§ **What to do**: Copy the material below verbatim from the line with "中國外交部長王毅9月9日在北京與到訪的新加坡外長維文..." to the line with "活动期间,所有玩家首次充值任", both lines included, omitting pictures and every line outside that range.

§ **Dataset records**:
----------

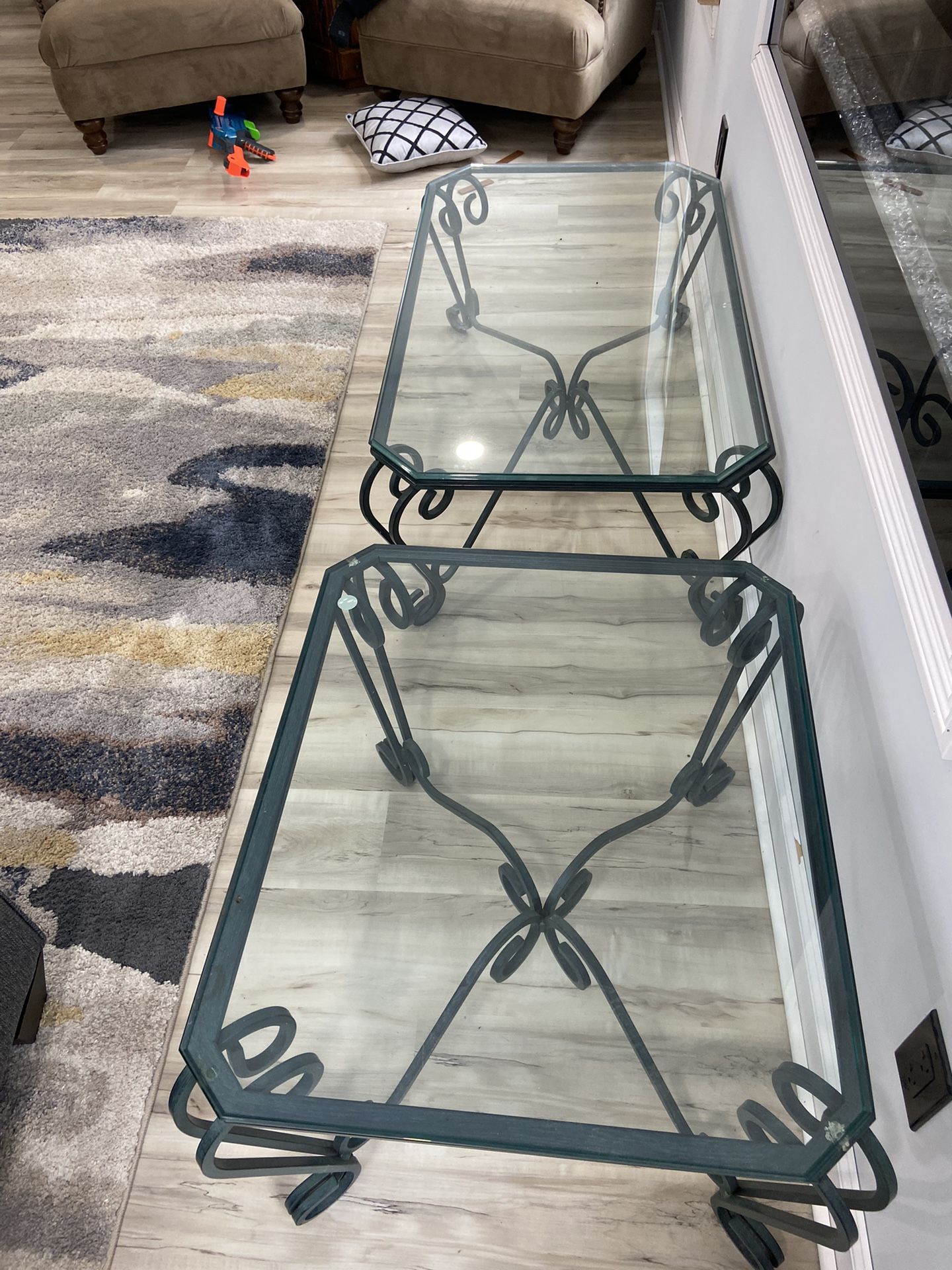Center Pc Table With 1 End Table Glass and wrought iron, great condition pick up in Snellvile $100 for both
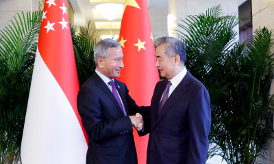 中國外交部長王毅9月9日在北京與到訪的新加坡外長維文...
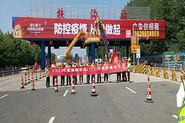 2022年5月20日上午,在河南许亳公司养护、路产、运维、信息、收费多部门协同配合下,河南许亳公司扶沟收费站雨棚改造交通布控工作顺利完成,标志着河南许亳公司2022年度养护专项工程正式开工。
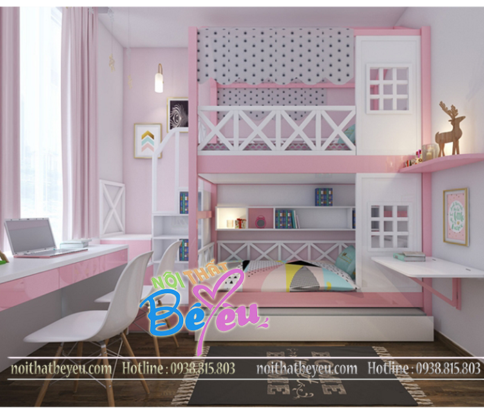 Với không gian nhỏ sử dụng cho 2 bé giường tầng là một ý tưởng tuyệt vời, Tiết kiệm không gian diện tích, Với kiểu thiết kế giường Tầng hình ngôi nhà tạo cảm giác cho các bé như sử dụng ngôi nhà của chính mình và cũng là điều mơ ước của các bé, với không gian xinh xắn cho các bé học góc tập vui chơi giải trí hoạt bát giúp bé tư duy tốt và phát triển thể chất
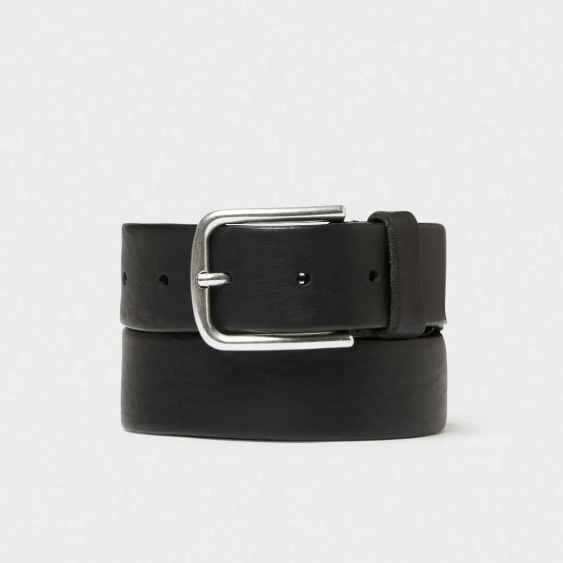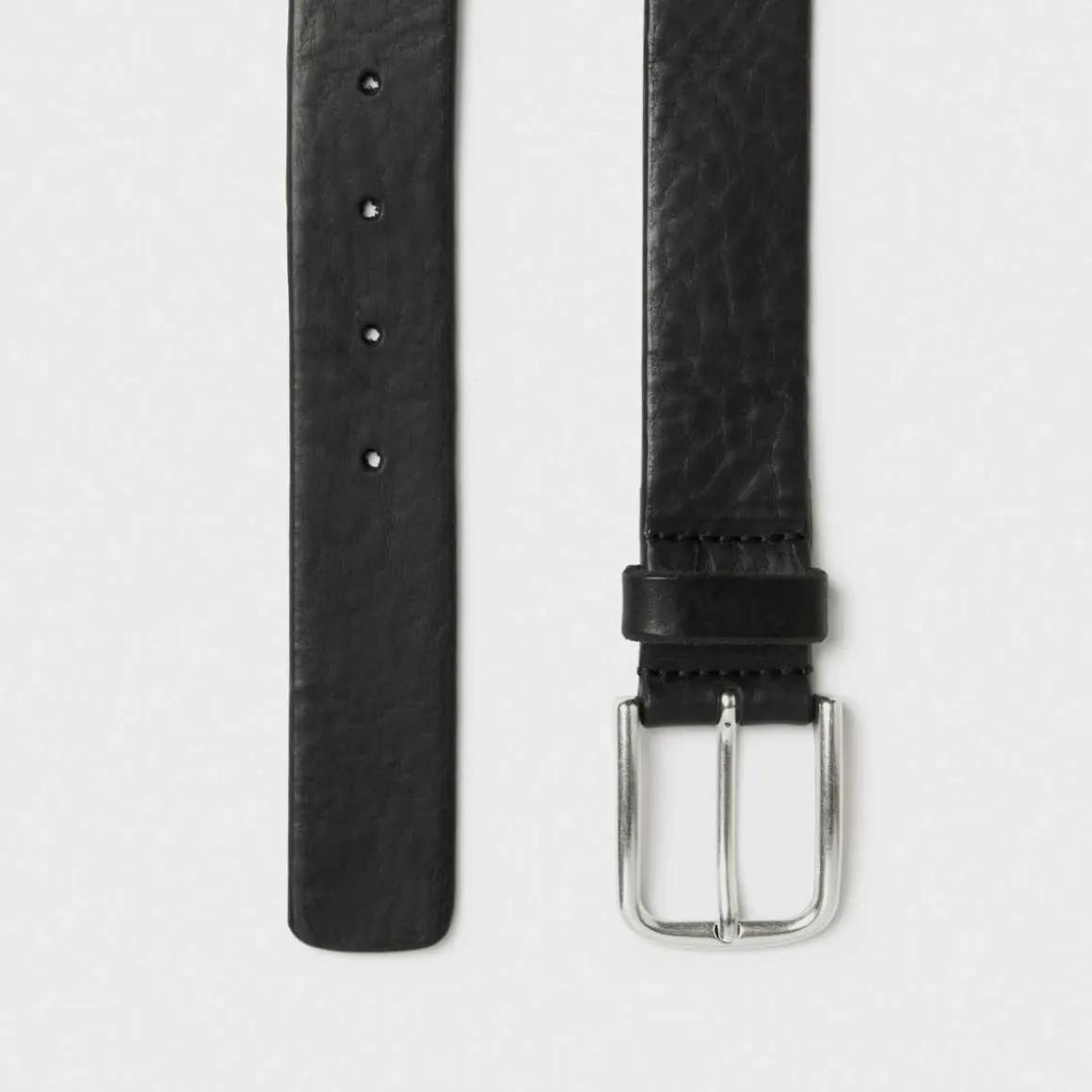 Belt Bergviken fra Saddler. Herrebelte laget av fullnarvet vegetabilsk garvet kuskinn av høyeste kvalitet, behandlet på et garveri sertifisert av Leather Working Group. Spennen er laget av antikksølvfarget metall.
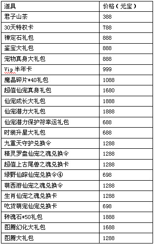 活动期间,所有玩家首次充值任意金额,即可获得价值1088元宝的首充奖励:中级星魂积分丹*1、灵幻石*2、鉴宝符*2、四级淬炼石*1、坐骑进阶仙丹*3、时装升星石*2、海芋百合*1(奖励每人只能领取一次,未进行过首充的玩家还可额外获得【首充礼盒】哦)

----------

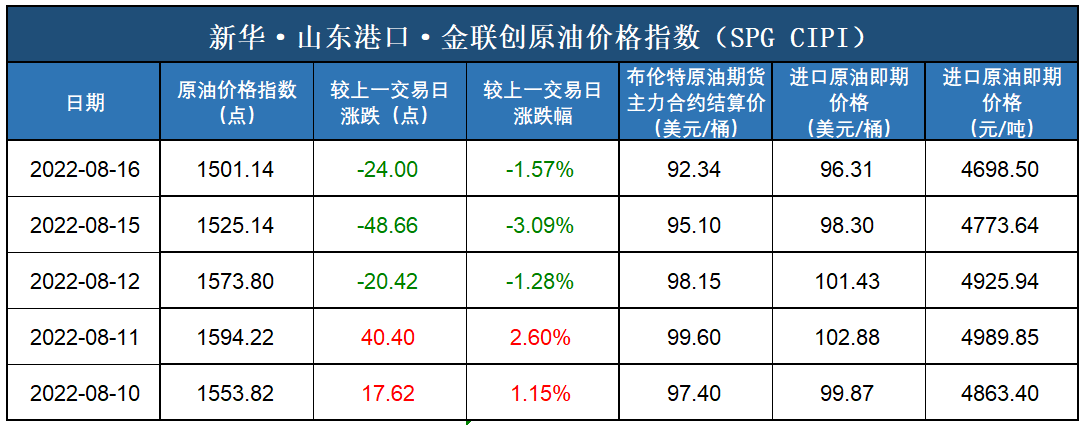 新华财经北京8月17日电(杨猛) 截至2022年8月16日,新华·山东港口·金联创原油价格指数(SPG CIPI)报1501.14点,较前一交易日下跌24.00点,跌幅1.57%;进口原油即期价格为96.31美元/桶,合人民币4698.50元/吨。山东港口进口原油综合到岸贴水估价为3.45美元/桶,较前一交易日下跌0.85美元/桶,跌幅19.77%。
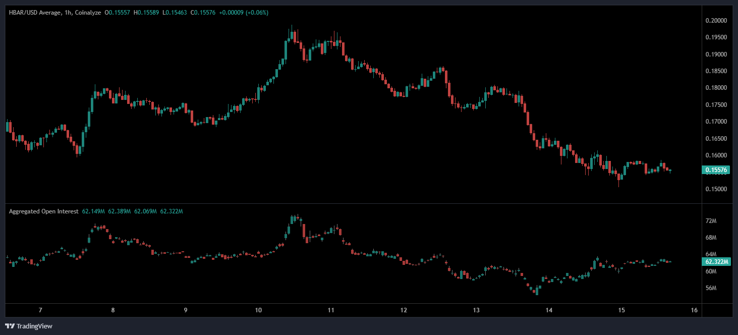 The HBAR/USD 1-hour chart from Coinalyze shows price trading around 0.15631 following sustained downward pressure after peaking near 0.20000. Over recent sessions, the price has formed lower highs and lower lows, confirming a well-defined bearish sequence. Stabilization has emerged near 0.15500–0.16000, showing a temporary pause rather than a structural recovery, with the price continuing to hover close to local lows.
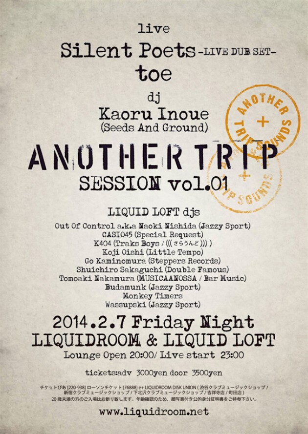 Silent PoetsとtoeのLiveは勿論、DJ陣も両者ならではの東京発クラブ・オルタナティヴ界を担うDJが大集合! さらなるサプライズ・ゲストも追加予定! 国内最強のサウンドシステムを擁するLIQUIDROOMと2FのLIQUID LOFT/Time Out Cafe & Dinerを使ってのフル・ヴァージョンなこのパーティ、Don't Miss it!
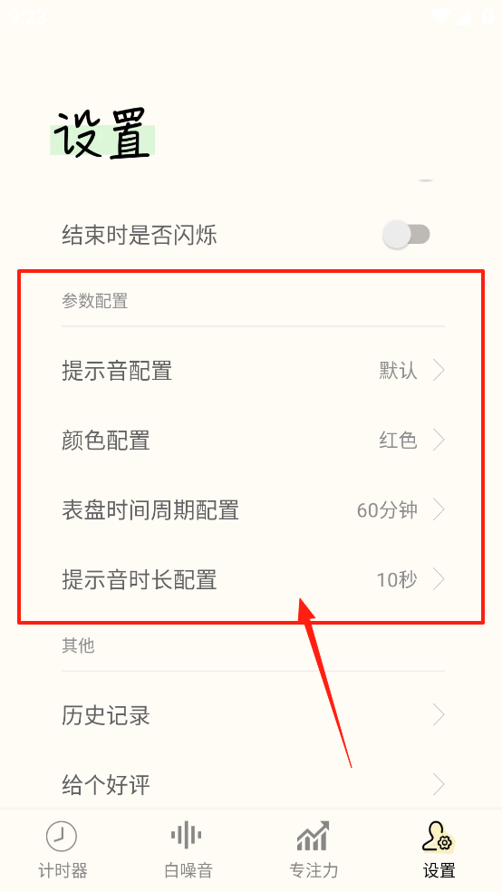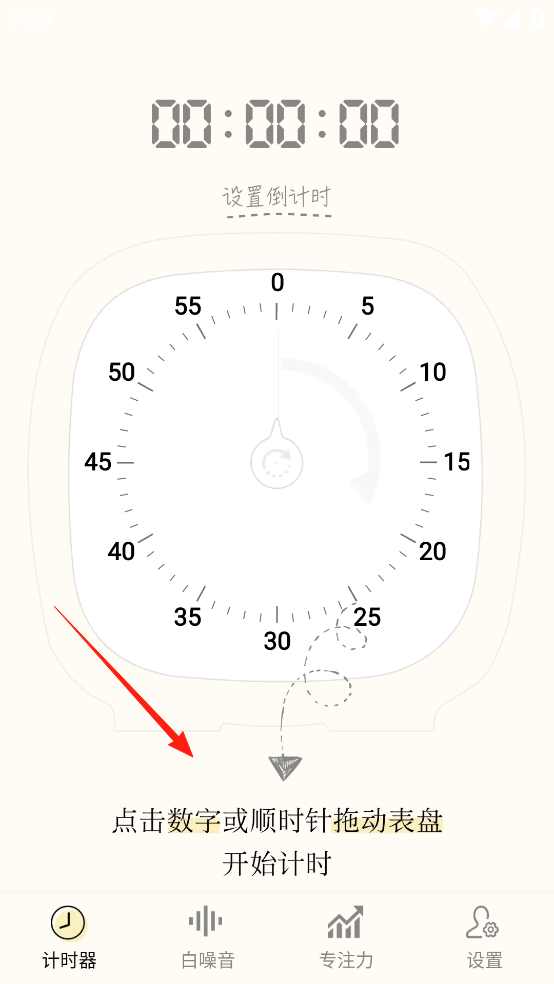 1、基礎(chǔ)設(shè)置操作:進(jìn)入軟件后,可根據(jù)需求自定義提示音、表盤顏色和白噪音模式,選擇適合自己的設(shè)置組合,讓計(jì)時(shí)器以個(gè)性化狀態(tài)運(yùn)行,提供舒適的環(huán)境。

----------

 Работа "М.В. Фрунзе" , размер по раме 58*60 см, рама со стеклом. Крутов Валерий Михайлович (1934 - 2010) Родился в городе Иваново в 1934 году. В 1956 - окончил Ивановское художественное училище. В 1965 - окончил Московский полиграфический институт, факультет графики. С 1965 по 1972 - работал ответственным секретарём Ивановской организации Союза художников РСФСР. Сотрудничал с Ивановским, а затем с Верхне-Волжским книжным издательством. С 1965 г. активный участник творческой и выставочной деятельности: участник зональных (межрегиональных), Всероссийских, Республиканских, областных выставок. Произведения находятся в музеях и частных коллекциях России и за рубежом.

----------

§ **Answer to this task**:
 中國外交部長王毅9月9日在北京與到訪的新加坡外長維文...
 2022年5月20日上午,在河南许亳公司养护、路产、运维、信息、收费多部门协同配合下,河南许亳公司扶沟收费站雨棚改造交通布控工作顺利完成,标志着河南许亳公司2022年度养护专项工程正式开工。
 Với không gian nhỏ sử dụng cho 2 bé giường tầng là một ý tưởng tuyệt vời, Tiết kiệm không gian diện tích, Với kiểu thiết kế giường Tầng hình ngôi nhà tạo cảm giác cho các bé như sử dụng ngôi nhà của chính mình và cũng là điều mơ ước của các bé, với không gian xinh xắn cho các bé học góc tập vui chơi giải trí hoạt bát giúp bé tư duy tốt và phát triển thể chất
 Belt Bergviken fra Saddler. Herrebelte laget av fullnarvet vegetabilsk garvet kuskinn av høyeste kvalitet, behandlet på et garveri sertifisert av Leather Working Group. Spennen er laget av antikksølvfarget metall.
 活动期间,所有玩家首次充值任意金额,即可获得价值1088元宝的首充奖励:中级星魂积分丹*1、灵幻石*2、鉴宝符*2、四级淬炼石*1、坐骑进阶仙丹*3、时装升星石*2、海芋百合*1(奖励每人只能领取一次,未进行过首充的玩家还可额外获得【首充礼盒】哦)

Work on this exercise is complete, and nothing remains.